**Exercise goal**
Wherever pictures appear in the listing below, leave them out, and copy exactly, and only, everything from the line with "Многоцелевой самолет У-2 (По-2)" down to the line with "Joël Des Rosiers".

══════════════════════════════

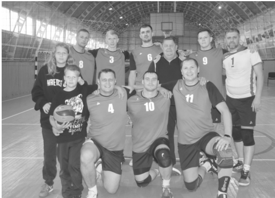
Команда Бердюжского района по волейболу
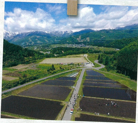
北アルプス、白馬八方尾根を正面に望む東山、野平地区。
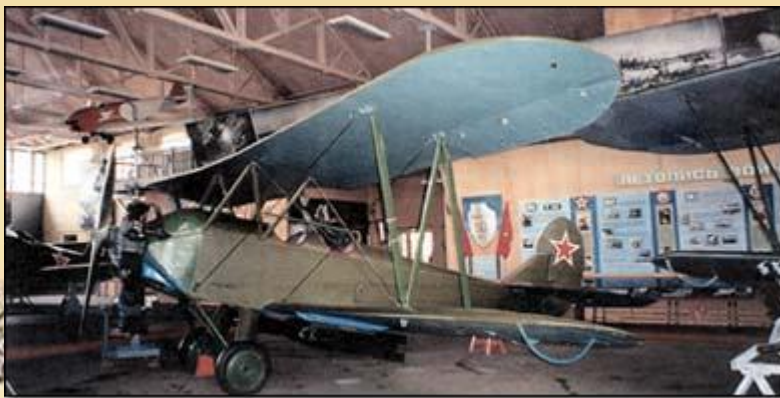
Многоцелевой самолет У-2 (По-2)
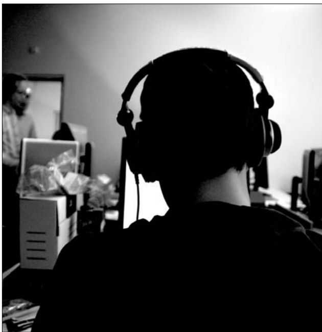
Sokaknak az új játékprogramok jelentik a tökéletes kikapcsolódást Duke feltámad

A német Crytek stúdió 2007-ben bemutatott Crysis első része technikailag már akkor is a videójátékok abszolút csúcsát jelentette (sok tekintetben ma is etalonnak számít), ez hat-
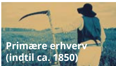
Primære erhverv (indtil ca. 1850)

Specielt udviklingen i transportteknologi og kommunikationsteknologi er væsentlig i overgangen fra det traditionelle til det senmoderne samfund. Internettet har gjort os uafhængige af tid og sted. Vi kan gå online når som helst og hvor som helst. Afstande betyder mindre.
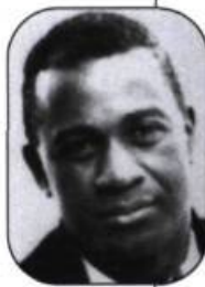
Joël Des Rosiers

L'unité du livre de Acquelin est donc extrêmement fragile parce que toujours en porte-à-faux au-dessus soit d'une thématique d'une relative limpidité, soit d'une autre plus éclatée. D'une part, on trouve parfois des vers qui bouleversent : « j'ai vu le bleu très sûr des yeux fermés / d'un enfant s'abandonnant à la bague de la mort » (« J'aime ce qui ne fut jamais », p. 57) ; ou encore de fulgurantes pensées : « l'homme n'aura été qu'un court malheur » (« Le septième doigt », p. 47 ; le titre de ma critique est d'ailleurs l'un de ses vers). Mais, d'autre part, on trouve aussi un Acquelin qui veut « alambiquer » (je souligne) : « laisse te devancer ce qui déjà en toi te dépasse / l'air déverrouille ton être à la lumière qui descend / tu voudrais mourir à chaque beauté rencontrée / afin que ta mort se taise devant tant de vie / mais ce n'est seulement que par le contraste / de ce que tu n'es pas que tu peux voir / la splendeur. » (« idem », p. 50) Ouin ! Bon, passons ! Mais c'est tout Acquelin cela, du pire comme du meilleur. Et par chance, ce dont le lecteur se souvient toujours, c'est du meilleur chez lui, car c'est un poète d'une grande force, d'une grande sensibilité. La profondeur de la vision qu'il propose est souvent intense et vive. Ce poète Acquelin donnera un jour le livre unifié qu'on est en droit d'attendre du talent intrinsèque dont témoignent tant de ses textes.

══════════════════════════════

**Solved problem**
Многоцелевой самолет У-2 (По-2)
Sokaknak az új játékprogramok jelentik a tökéletes kikapcsolódást Duke feltámad

A német Crytek stúdió 2007-ben bemutatott Crysis első része technikailag már akkor is a videójátékok abszolút csúcsát jelentette (sok tekintetben ma is etalonnak számít), ez hat-
Primære erhverv (indtil ca. 1850)

Specielt udviklingen i transportteknologi og kommunikationsteknologi er væsentlig i overgangen fra det traditionelle til det senmoderne samfund. Internettet har gjort os uafhængige af tid og sted. Vi kan gå online når som helst og hvor som helst. Afstande betyder mindre.
Joël Des Rosiers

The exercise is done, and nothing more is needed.